■ To do ■
Pictures aside, repeat all the entries below exactly as they appear.

(Beginning of Data supplied)

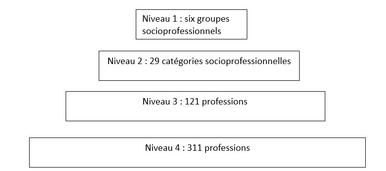 Dans le tableau ci-dessous, on peut voir la logique d’emboitement entre les groupes socioprofessionnels (niveau 1) et les catégories socioprofessionnelles (niveau 2)
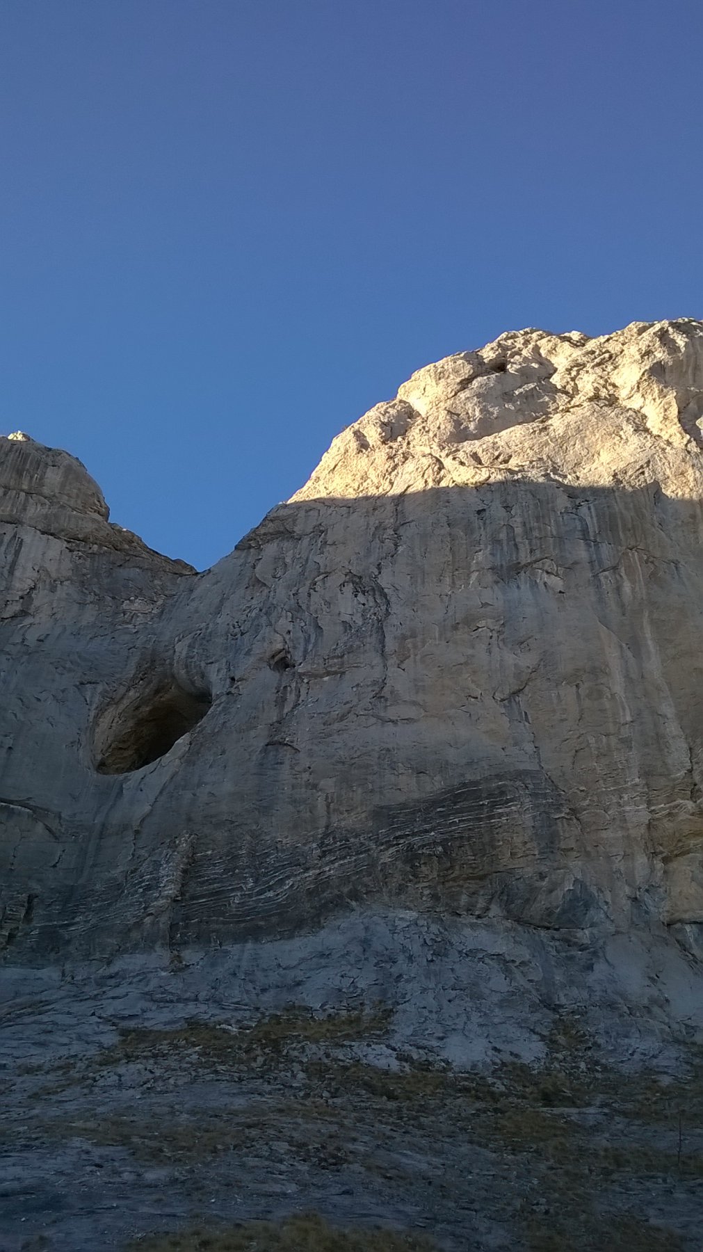 L2 : violento passo di dita, poi un magnifico muro a tacche, molto continuo ( 6b+, poi 6b, 30 m)
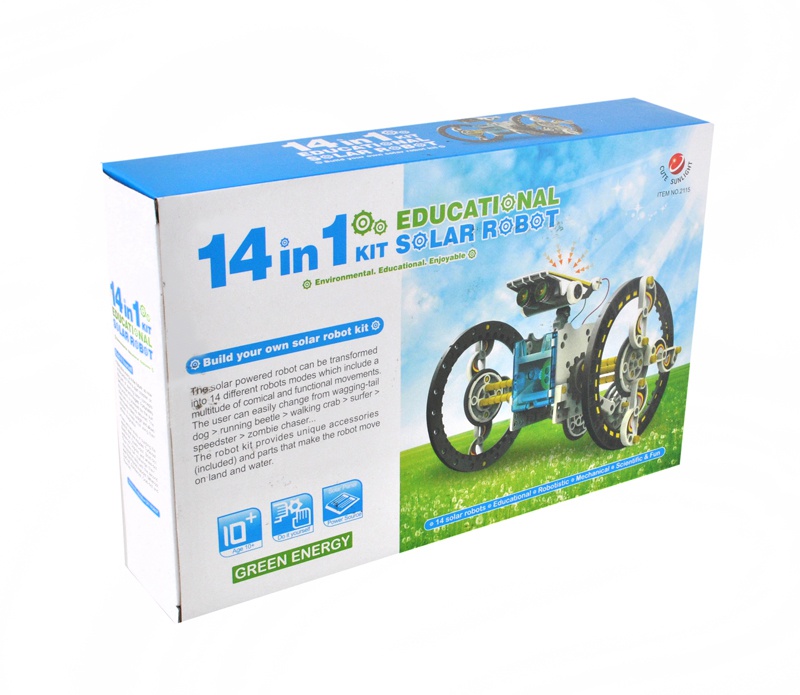 Postavit si vlastního robota je věc o které sní nejeden kluk. Nyní máte možnost postavit si jich rovnou celou armádu! Solární robot 14v1 je unikátní stavebnice ze které lze poskládat roboty různých tvarů, typů i zaměření. Nemusíte se při tom omezovat pouze na jeden model. Stavebnice může být kdykoli rozložena a opět poskládána, čímž se stává zdrojem nekonečné zábavy. Součástí balení je podrobný návod, díky kterému nebudou mít problémy se sestavením ani malé děti.
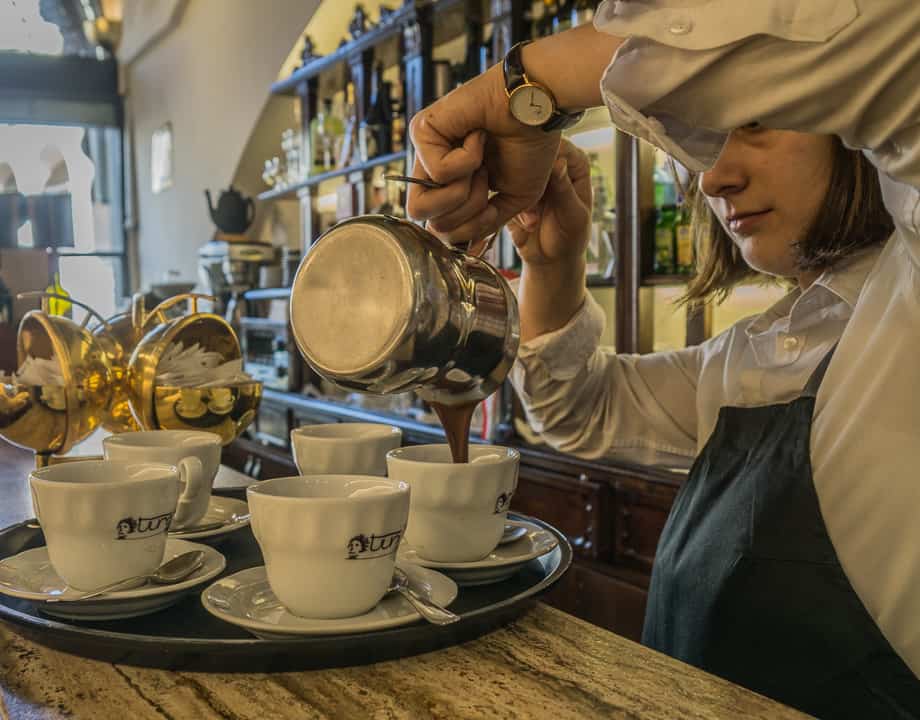 We started at Turan Café in Perugia’s Piazza Novembre, the main square of this fascinating city. A choice of cappuccino or tea was offered, along with ham and cheese croissants, as well as a chocolate variety. Turan Café is also a chocolatier, with a production room in the back where you can watch the action. On a warm day, Turan’s outside tables are the ideal place to sip a coffee, grab a pastry, and get absorbed in people watching.
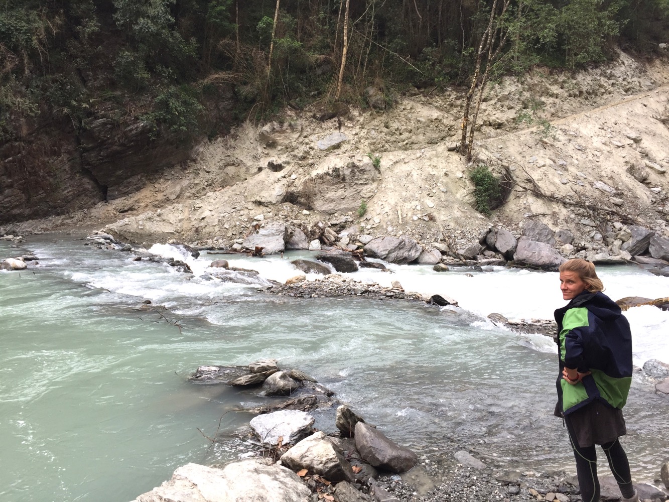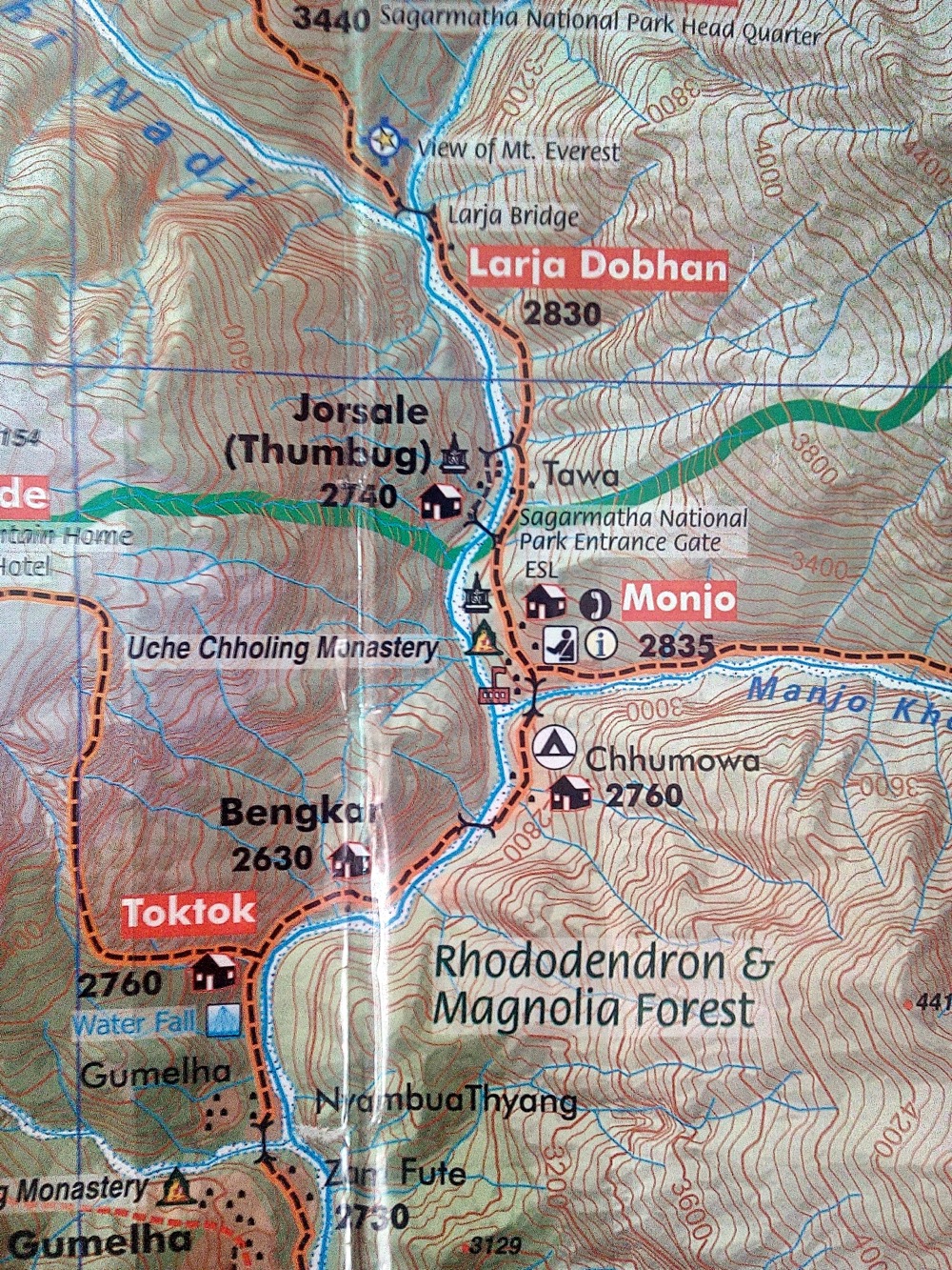 А, во-вторых, меня таки поддастала наша черепашья скорость и в пять вечера в Пакдинге я объявила, что пойду дальше. Ибо как раз можно было проскочить вечером Чамоа с Монжо, избежав соответственно лишних трат, да и вообще ну уж очень медленно мы идём. Но план развалился почти в самом начале и в двух местах. Во-первых, кто-то шепнул мне на ушко о "непальской картографии". Типо: присмотрись-ка ты ещё раз к карте. Что мы видим? Что к какому-то абсолютно второстепенному поселку Джарсале сделано аж два моста. А после Бенгкара дорога почему-то ещё какое-то время продолжается, а затем уходит на мост. Как-то странно всё это выглядит, как будто кто-то ластиком просто стер дорогу с левой стороны...

(End of Data supplied)

■ Reply ■
 Dans le tableau ci-dessous, on peut voir la logique d’emboitement entre les groupes socioprofessionnels (niveau 1) et les catégories socioprofessionnelles (niveau 2)
 L2 : violento passo di dita, poi un magnifico muro a tacche, molto continuo ( 6b+, poi 6b, 30 m)
 Postavit si vlastního robota je věc o které sní nejeden kluk. Nyní máte možnost postavit si jich rovnou celou armádu! Solární robot 14v1 je unikátní stavebnice ze které lze poskládat roboty různých tvarů, typů i zaměření. Nemusíte se při tom omezovat pouze na jeden model. Stavebnice může být kdykoli rozložena a opět poskládána, čímž se stává zdrojem nekonečné zábavy. Součástí balení je podrobný návod, díky kterému nebudou mít problémy se sestavením ani malé děti.
 We started at Turan Café in Perugia’s Piazza Novembre, the main square of this fascinating city. A choice of cappuccino or tea was offered, along with ham and cheese croissants, as well as a chocolate variety. Turan Café is also a chocolatier, with a production room in the back where you can watch the action. On a warm day, Turan’s outside tables are the ideal place to sip a coffee, grab a pastry, and get absorbed in people watching.
 А, во-вторых, меня таки поддастала наша черепашья скорость и в пять вечера в Пакдинге я объявила, что пойду дальше. Ибо как раз можно было проскочить вечером Чамоа с Монжо, избежав соответственно лишних трат, да и вообще ну уж очень медленно мы идём. Но план развалился почти в самом начале и в двух местах. Во-первых, кто-то шепнул мне на ушко о "непальской картографии". Типо: присмотрись-ка ты ещё раз к карте. Что мы видим? Что к какому-то абсолютно второстепенному поселку Джарсале сделано аж два моста. А после Бенгкара дорога почему-то ещё какое-то время продолжается, а затем уходит на мост. Как-то странно всё это выглядит, как будто кто-то ластиком просто стер дорогу с левой стороны...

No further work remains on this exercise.